*Extracted information*.
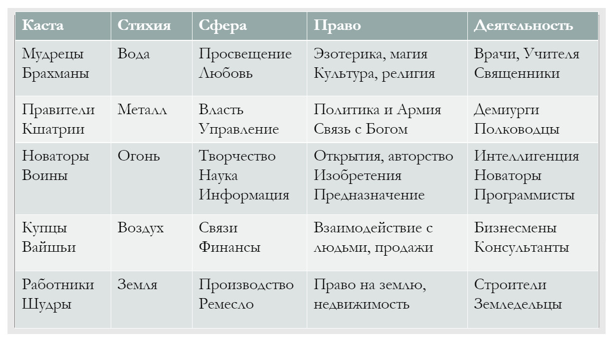 Пятая Каста это – Брахманы, Мудрецы, Гуманисты. Это высшая Каста в плане духовного развития. Сюда относятся целители, эзотерики, жрецы, учителя, наставники, духовники. Это цвет общества.
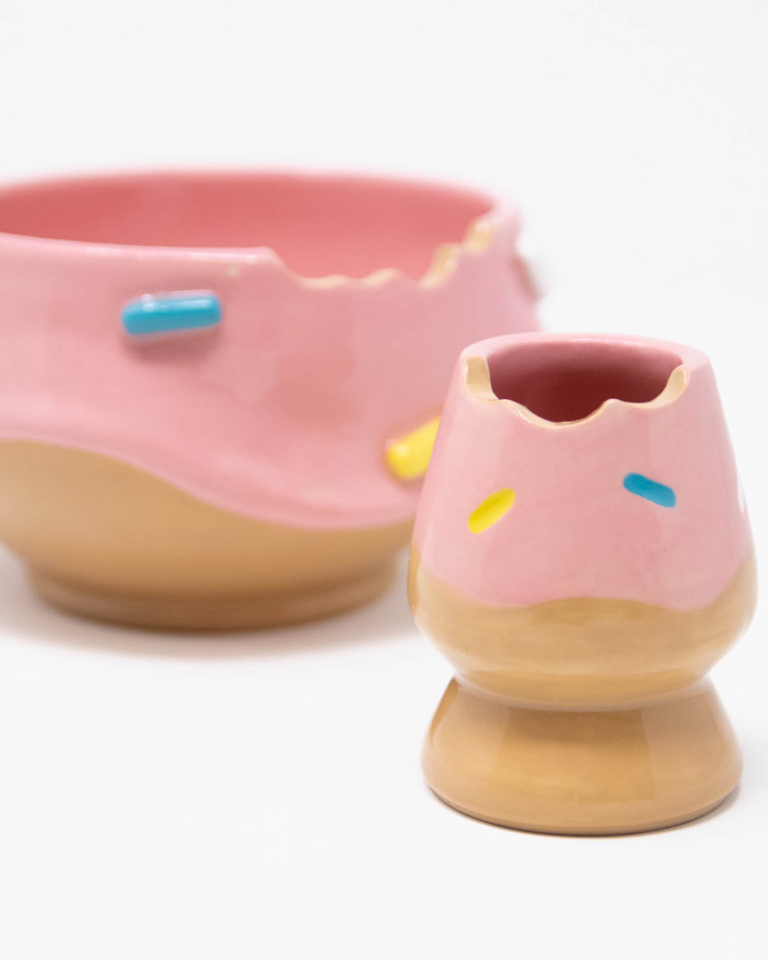 Our next specialty item on the Gourmet Gainz menu is our handmade Matcha Bowls and Whisk Stand, a limited edition ceramic collectible set to elevate your matcha experience.
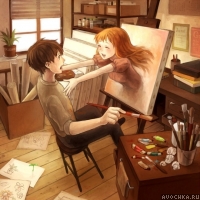 Необычная история у этой картинки. Художник нарисовал девушку, но сам того не ожидая, картина ожила. Девушка начала тянуться к художнику, тот в свою очередь очень испугался. Скачать картинку в стиле аниме.
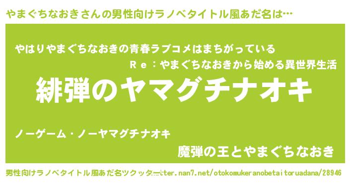 | 女子向けラノベタイトル風あだ名 | 『シンデレラやまぐちなおき家の靴箱館』 |
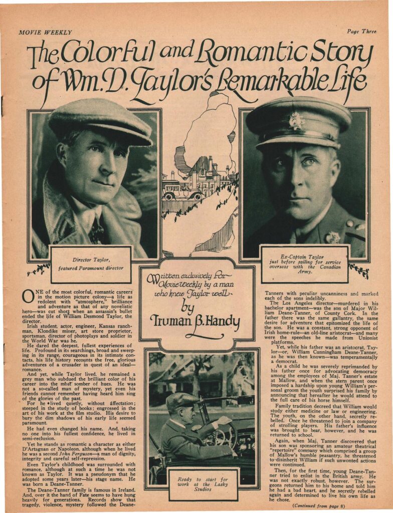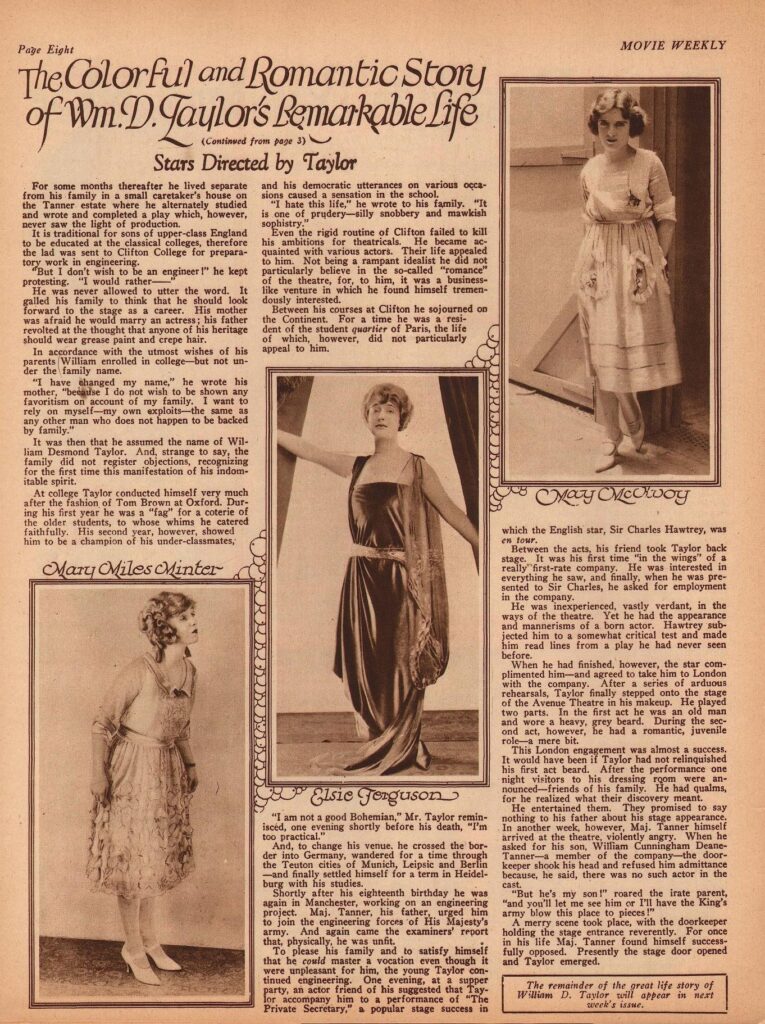 On the evening of February 1, 1922, in his elegant bungalow at 404-B South Alvarado Street in Los Angeles’ upscale Westlake district, William Desmond Taylor welcomed his dear friend Mabel Normand for a quiet chat. Taylor, born William Cunningham Deane-Tanner in 1872 to a prominent Anglo-Irish family, had ascended in Hollywood as a respected director at Paramount, helming over 50 films (filmography here) featuring stars like Mary Pickford and Wallace Reid. His work emphasized moral tales and Ethnic American resilience, as in Anne of Green Gables, where he discovered Minter’s star power.
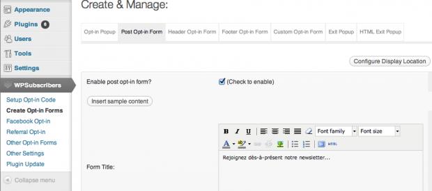 NB : voici également le tuto en anglais pour ce point : http://www.wpsubscribers.com/tutorials/ ... -form.html
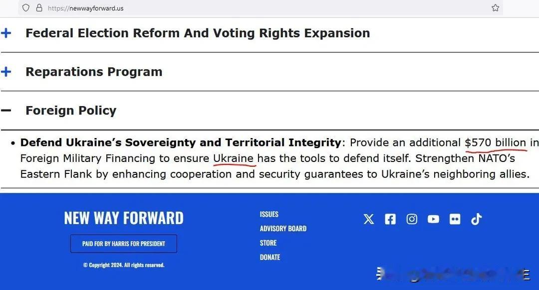 🇺🇸 哈里斯的竞选网站上出现了关于向乌克兰拨款的条目5700亿美元。 🇺?

*Activity*.
Look above for the line with "女子向けラノベタイトル風あだ名 | 『シンデレラやまぐちなおき家の靴箱館』 |" and the line with "On the evening". Output those two and everything between them exactly, pictures excluded.

*Written response*.
 | 女子向けラノベタイトル風あだ名 | 『シンデレラやまぐちなおき家の靴箱館』 |
 On the evening of February 1, 1922, in his elegant bungalow at 404-B South Alvarado Street in Los Angeles’ upscale Westlake district, William Desmond Taylor welcomed his dear friend Mabel Normand for a quiet chat. Taylor, born William Cunningham Deane-Tanner in 1872 to a prominent Anglo-Irish family, had ascended in Hollywood as a respected director at Paramount, helming over 50 films (filmography here) featuring stars like Mary Pickford and Wallace Reid. His work emphasized moral tales and Ethnic American resilience, as in Anne of Green Gables, where he discovered Minter’s star power.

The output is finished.